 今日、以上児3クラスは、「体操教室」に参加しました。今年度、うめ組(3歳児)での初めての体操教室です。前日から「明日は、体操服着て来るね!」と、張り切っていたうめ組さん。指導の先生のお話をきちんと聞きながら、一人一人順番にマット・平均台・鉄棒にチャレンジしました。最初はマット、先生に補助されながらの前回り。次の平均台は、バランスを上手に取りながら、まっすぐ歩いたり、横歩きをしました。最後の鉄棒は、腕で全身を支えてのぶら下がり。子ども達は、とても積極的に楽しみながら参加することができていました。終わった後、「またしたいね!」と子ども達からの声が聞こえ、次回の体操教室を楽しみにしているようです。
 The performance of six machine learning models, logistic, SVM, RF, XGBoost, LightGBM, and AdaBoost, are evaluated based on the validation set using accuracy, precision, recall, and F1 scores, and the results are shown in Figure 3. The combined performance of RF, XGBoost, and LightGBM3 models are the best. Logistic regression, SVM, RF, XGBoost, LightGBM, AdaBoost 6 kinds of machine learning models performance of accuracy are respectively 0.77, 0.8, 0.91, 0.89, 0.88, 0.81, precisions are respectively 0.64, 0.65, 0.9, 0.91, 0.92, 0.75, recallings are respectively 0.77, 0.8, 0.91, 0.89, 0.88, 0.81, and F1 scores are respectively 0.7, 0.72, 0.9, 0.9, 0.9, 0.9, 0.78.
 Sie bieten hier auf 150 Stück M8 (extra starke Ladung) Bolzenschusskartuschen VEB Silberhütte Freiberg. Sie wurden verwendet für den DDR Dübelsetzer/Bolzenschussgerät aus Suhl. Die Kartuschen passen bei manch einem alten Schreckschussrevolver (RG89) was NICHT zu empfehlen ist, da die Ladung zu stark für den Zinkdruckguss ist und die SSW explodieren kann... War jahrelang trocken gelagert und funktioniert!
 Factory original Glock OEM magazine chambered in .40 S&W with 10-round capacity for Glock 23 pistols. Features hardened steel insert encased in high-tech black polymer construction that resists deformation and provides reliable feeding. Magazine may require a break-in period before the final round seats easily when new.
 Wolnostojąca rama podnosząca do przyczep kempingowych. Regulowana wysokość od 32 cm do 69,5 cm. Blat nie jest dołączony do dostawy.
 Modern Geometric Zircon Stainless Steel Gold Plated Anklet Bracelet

--

Your goal: Copy exactly. Start at the line containing "Factory original Glock" and continue through the last line of the records.

Solution for this problem:
 Factory original Glock OEM magazine chambered in .40 S&W with 10-round capacity for Glock 23 pistols. Features hardened steel insert encased in high-tech black polymer construction that resists deformation and provides reliable feeding. Magazine may require a break-in period before the final round seats easily when new.
 Wolnostojąca rama podnosząca do przyczep kempingowych. Regulowana wysokość od 32 cm do 69,5 cm. Blat nie jest dołączony do dostawy.
 Modern Geometric Zircon Stainless Steel Gold Plated Anklet Bracelet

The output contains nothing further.